Fonte: Agência O Globo
É como entrar na floresta, pela terra e pelo céu. Se você pensa que esta é mais uma exposição do fotógrafo Sebastião Salgado, engana-se. “Amazônia” — exposta agora em outubro simultaneamente em Paris, Roma e Londres — é um tributo a nossa maior riqueza ambiental. Intocada. É também uma descoberta, jamais vista antes, de montanhas e “rios voadores” amazônicos, duplicados por reflexos.

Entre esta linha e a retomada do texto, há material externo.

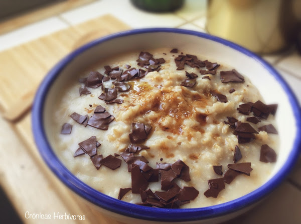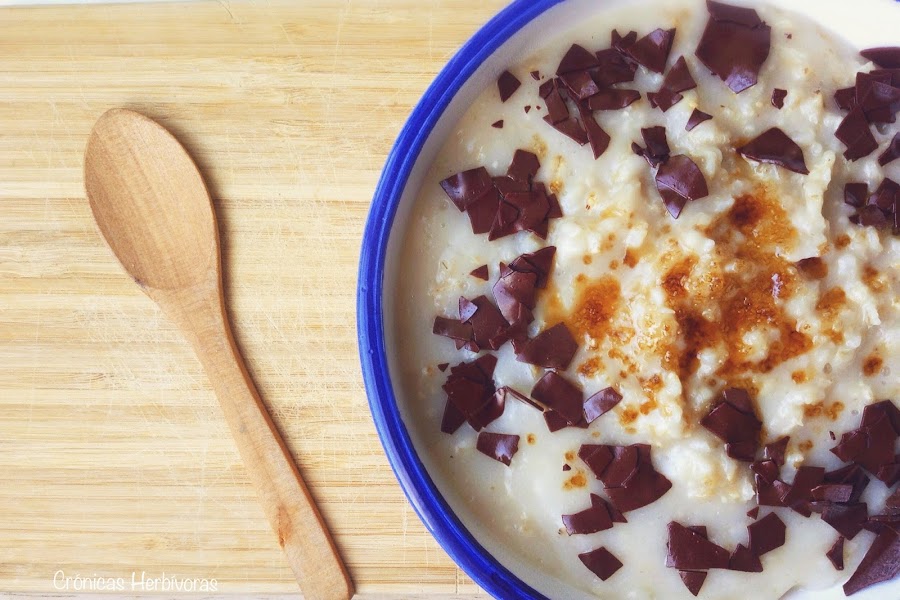 La primera vez que hice gachas me encantaron (podéis ver la receta aquí). Son muy saciantes, se preparan muy rápido y están riquísimas. Aprovechando que compré el otro día virutas de chocolate negro y tenía leche de coco y arroz, pensé que esta combinación se merecía un intento. Y ha quedado así.

Na penumbra, 200 fotos, em todas as nuances de preto e branco, nos transportam para uma terra feita de vegetação e água, de nuvens e umidade. Muitas fotos parecem flutuar no espaço, penduradas no teto por fios transparentes. Os sons amazônicos das aves, dos animais, das folhas e dos temporais foram obtidos no Museu de Etnografia de Genebra para inspirar e enriquecer a sinfonia original composta por Jean-Michel Jarre. A trilha da floresta ajuda a transformar “Amazônia” numa experiência quase mística e religiosa. Nos sentimos pequeninos diante da Natureza, exuberante e grandiosa. Não é clichê. Os fachos de luz que atravessam as nuvens lembram a presença de Deus — até para quem não tem fé.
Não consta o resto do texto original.